**Stored data:**

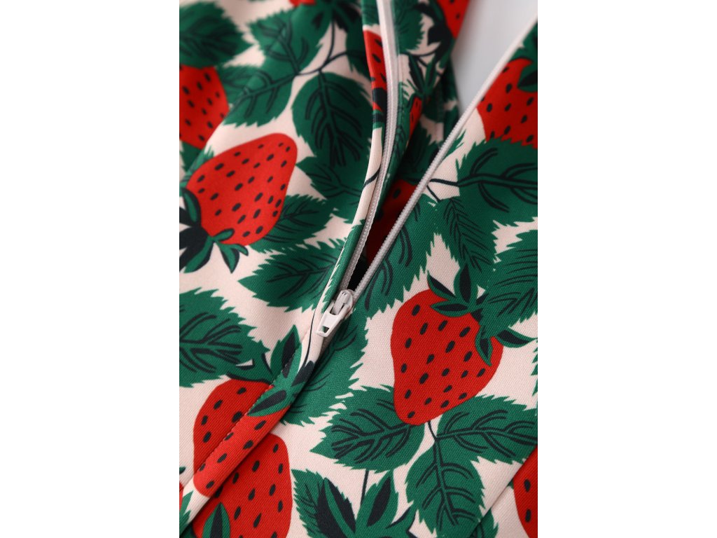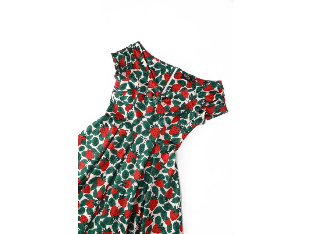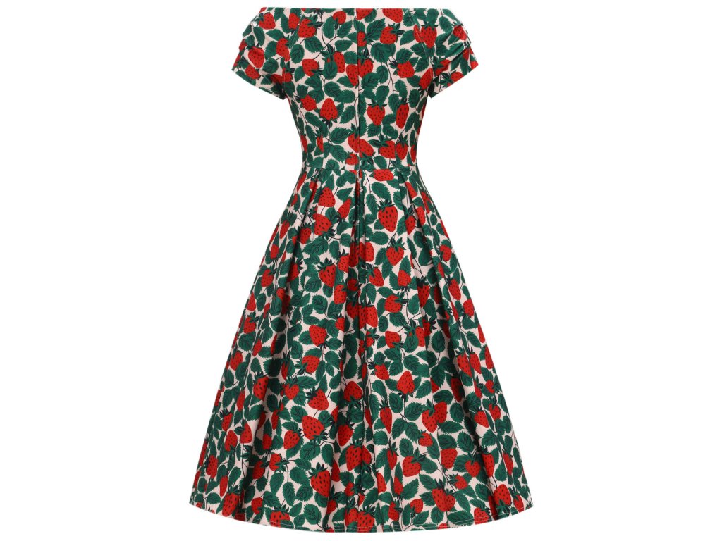 Šaty Lily White Off Shoulder Strawberry Farm přináší do vašeho šatníku kouzlo slunných jahodových polí. Romantický off-shoulder výstřih s jemně nařaseným živůtkem a dekorativními knoflíčky podtrhne ženskou siluetu, zatímco vysoký pas a rozevlátá skládaná sukně v ikonickém 50’s stylu vám zajistí elegantní retro vzhled. Potisk s červenými jahodami na světlém podkladu navodí tu pravou letní atmosféru, ať už vyrazíte na piknik, procházku po promenádě nebo letní slavnost. Praktické skryté kapsy a pohodlný materiál s jemnou pružností zajišťují maximální komfort po celý den. Skrytý zip vzadu pro snadné oblékání.
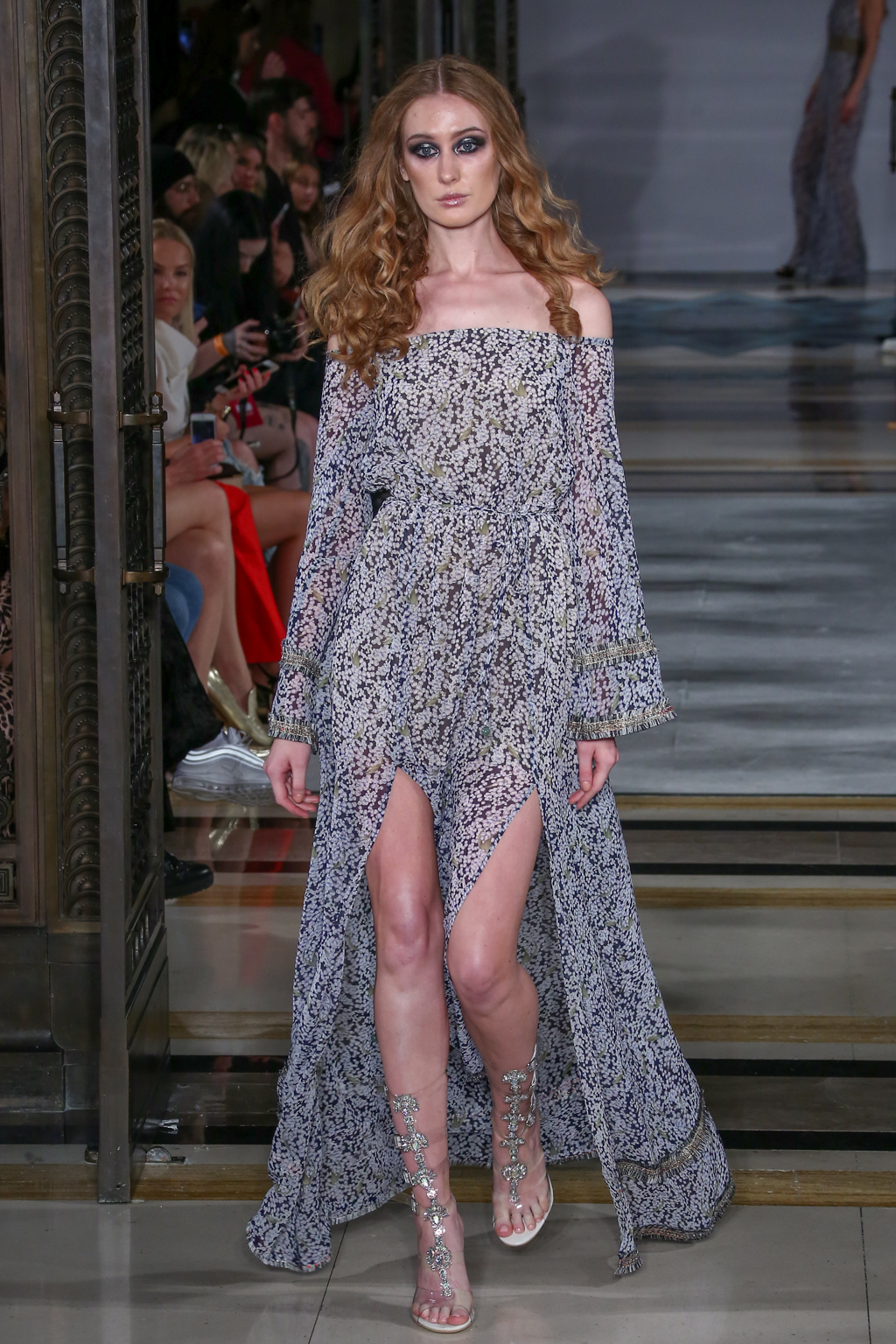 Exquisite blooms, ruffles and embroidered metallic cuff trimmings studded with minuscule pearls exuded the extravagance that Rohmir is renowned for.
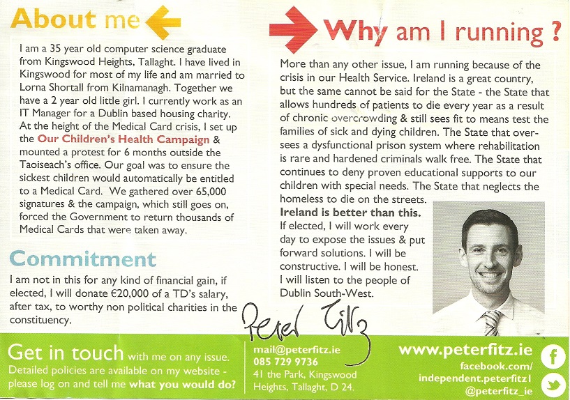 A leaflet from Peter Fitzpatrick who is running as an Independent in Dublin South West
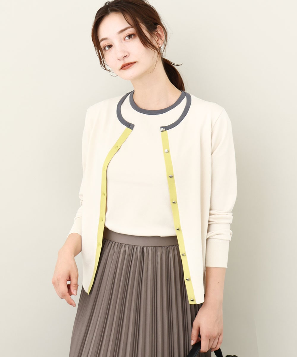 配色を効かせたカラーがお洒落なアンサンブル。ショート丈カーディガン×半袖ニットの
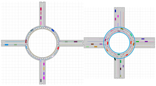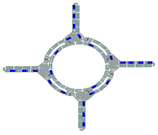 As depicted in Figure 5, the studied system is a four-entrance roundabout. The entrances/exits are simplified as straight, and the roundabout is assumed to be perfectly round. Apart from this, the roundabout parameters are completely tunable, such as:
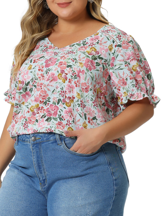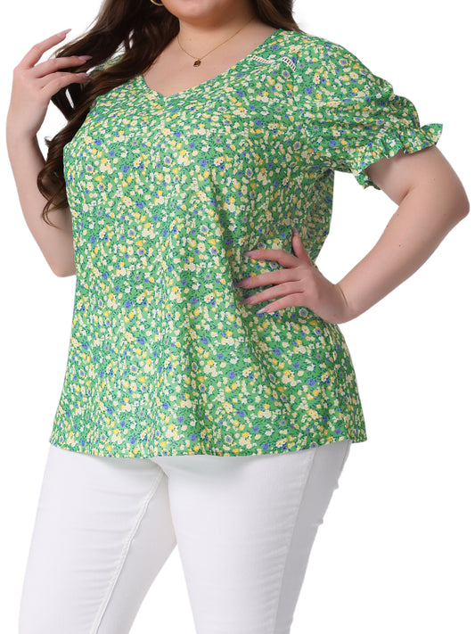Women's Plus Size V Neck Ruffle Short Sleeve Blouses Floral Top
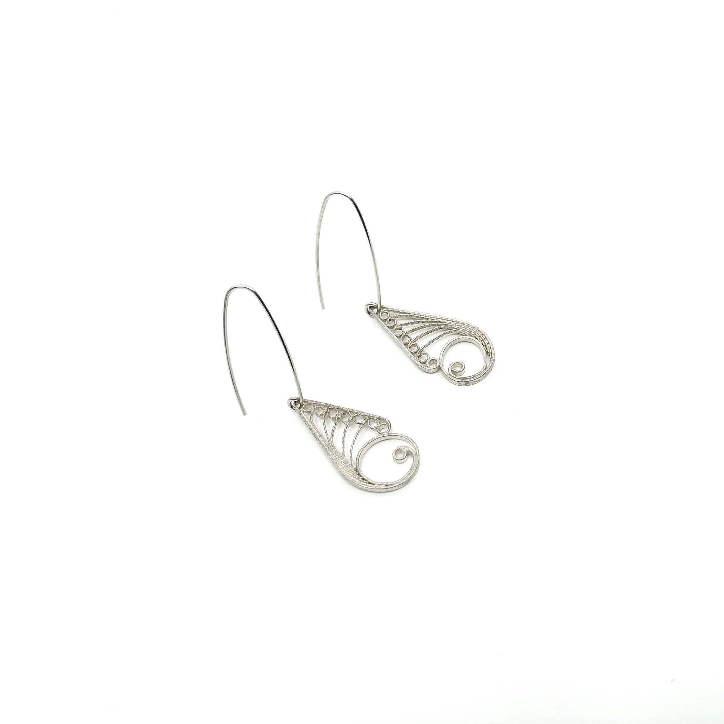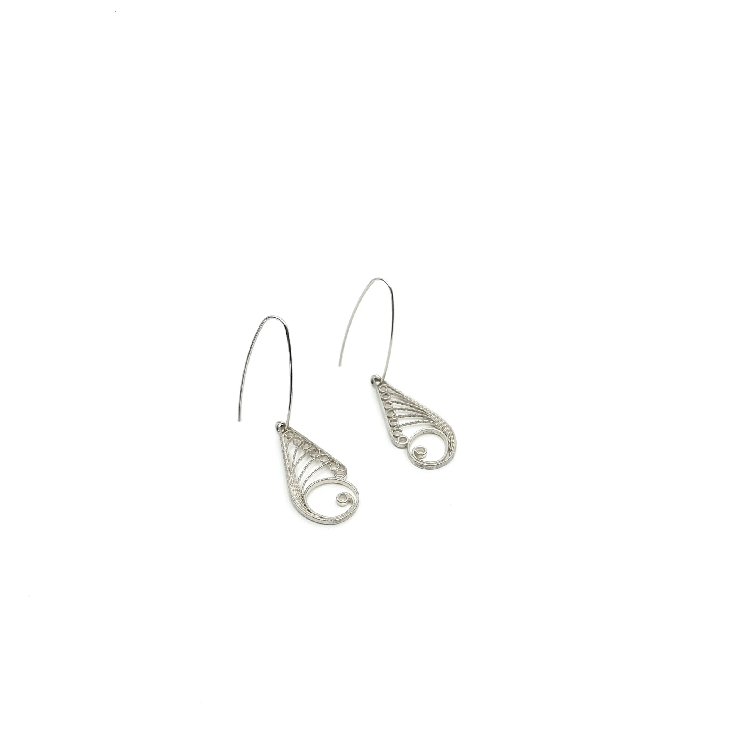 Handcrafted in sterling silver, the Herringbone Long Thin Earrings bring a slender, sculptural shape to the collection. Each earring is formed from a narrow herringbone section made by twisting the silver wires in opposite directions. A smooth central round wire runs up through the middle of the herringbone and continues down the back of the piece to form the hook, creating a clean uninterrupted line from top to bottom.
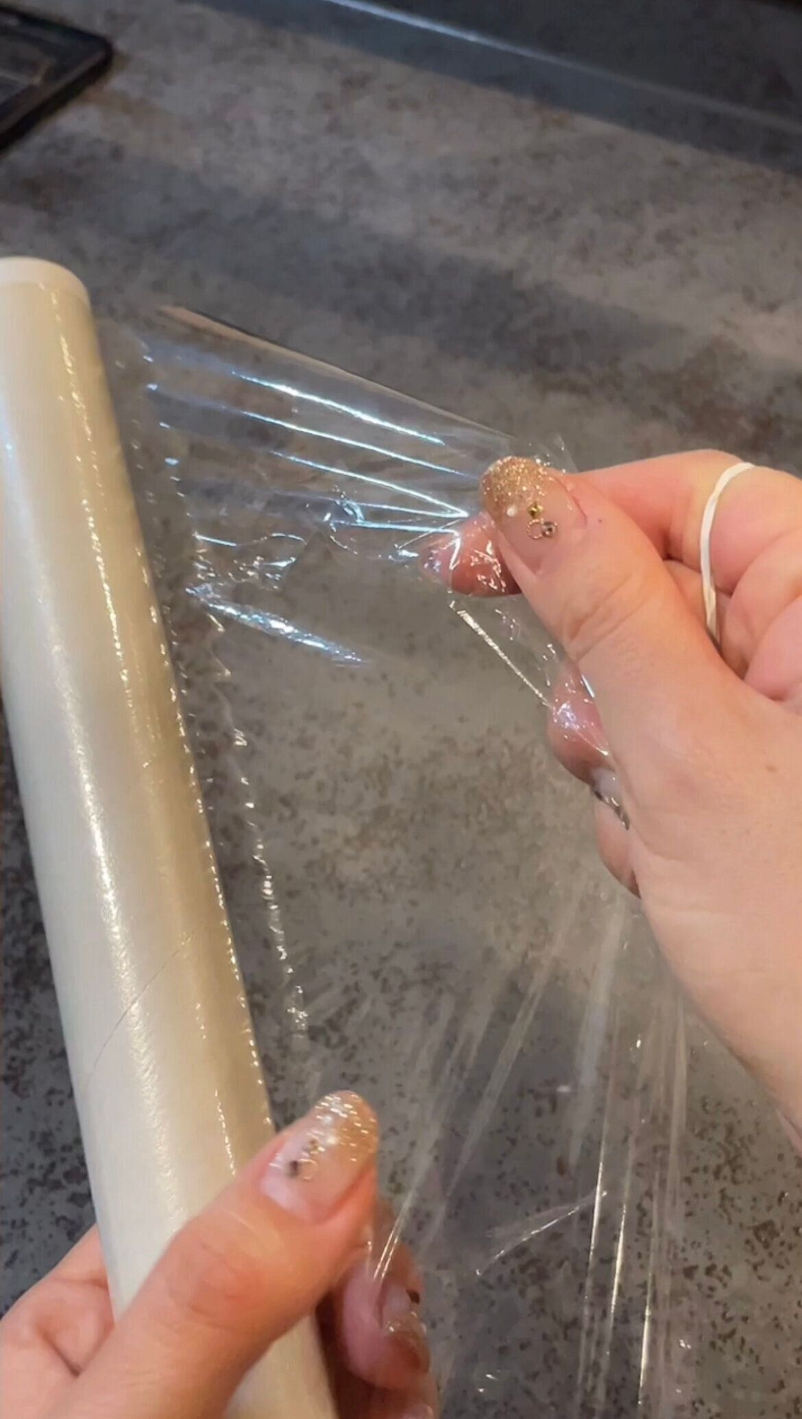 しばらくラップを擦っていくと、段々と輪ゴムに絡みついて端っこが浮かび上がってきます。

**What is expected:**
The expected output is an exact copy of the lines from the top of the data above through the line containing "配色を効かせたカラーがお洒落", both included, with every picture omitted.

**Written solution:**
 Šaty Lily White Off Shoulder Strawberry Farm přináší do vašeho šatníku kouzlo slunných jahodových polí. Romantický off-shoulder výstřih s jemně nařaseným živůtkem a dekorativními knoflíčky podtrhne ženskou siluetu, zatímco vysoký pas a rozevlátá skládaná sukně v ikonickém 50’s stylu vám zajistí elegantní retro vzhled. Potisk s červenými jahodami na světlém podkladu navodí tu pravou letní atmosféru, ať už vyrazíte na piknik, procházku po promenádě nebo letní slavnost. Praktické skryté kapsy a pohodlný materiál s jemnou pružností zajišťují maximální komfort po celý den. Skrytý zip vzadu pro snadné oblékání.
 Exquisite blooms, ruffles and embroidered metallic cuff trimmings studded with minuscule pearls exuded the extravagance that Rohmir is renowned for.
 A leaflet from Peter Fitzpatrick who is running as an Independent in Dublin South West
 配色を効かせたカラーがお洒落なアンサンブル。ショート丈カーディガン×半袖ニットの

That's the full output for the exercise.